New Yorkers Report Receiving Ballots With Wrong Name, Voter Addresses

New York City residents claimed that they did receive their mail-in ballots this week, however, they were surprised to find they were printed with the wrong names and voter IDs, according to The Hill.

Additionally, some ballots included incorrect return labels.

Some voters claimed to have received absentee ballots mislabeled as the official ballot for military members.

Others said that the envelope that is supposed to be used to return their ballot, did not bear their name or address.

The New York Post reported that the ballots labeled as military ballots were misprinted in Queens and experts say it will not change how those votes are tallied.

“There’s just mass confusion about these ballots and what people are supposed to do with them,” City Councilman Jimmy Van Bramer told the Post.

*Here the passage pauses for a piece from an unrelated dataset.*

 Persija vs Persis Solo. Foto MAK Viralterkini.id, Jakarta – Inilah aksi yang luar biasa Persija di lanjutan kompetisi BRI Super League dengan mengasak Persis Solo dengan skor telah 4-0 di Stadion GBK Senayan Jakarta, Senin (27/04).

“People were already not trusting this process and they were already not trusting the Board of Elections to count the ballot right.”

“We are determining how many voters have been affected but we can assure that the vendor will addresses this problem in future mailings, and make sure people who received erroneous envelopes receive new ones,” BOE Executive Director Michael Ryan said in an emailed statement.

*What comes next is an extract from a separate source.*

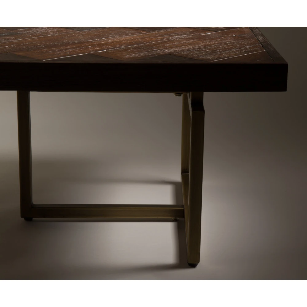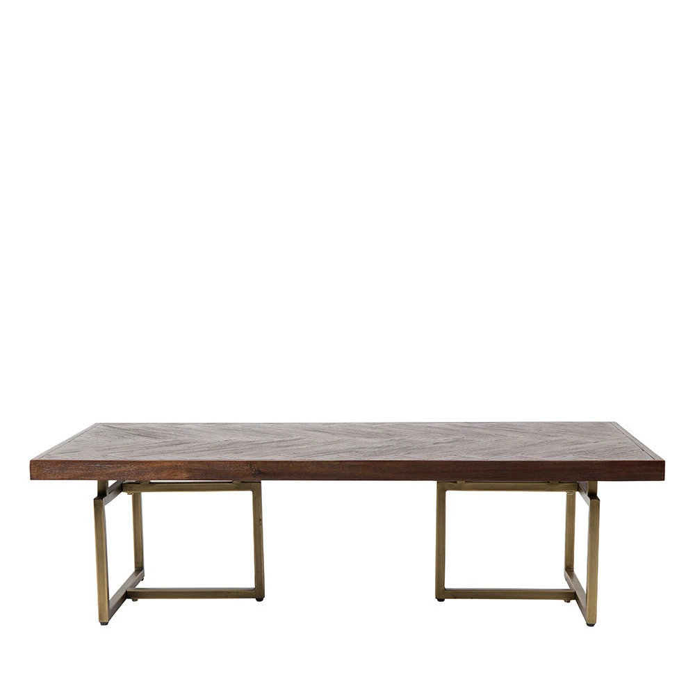La table basse design bois d’acacia et laiton Class de Dutchbone se prĂ©sente sous forme dâun plateau rectangulaire horizontal prenant appui sur une base formĂ©e dâun double cadre carrĂ© en acier doux.

“We will ensure on behalf of the voters in Brooklyn that the proper ballots and ballot envelopes are in the hands of the voters in advance of Election Day so they can vote.”

More from The Hill:

The Gothamist reports that in Brooklyn, voters received incorrect return envelopes with different names and addresses.

The New York City Board of Elections (BOE) told The Hill that the error was made by a vendor, Phoenix Graphics, that was contracts to print and mail the ballots for Brooklyn and Queens voters.

Around 140,000 ballots in the area have already been mailed. It is not yet clear how many are affected by the error. Some people who tweeted about receiving the wrong ballot had already been in contact with BOE and learned they would receive a new ballot.

The confusion comes as mail-in voting has been at the center of debate this election cycle due to the coronavirus pandemic, as states are pushing for voting by mail instead of in-person.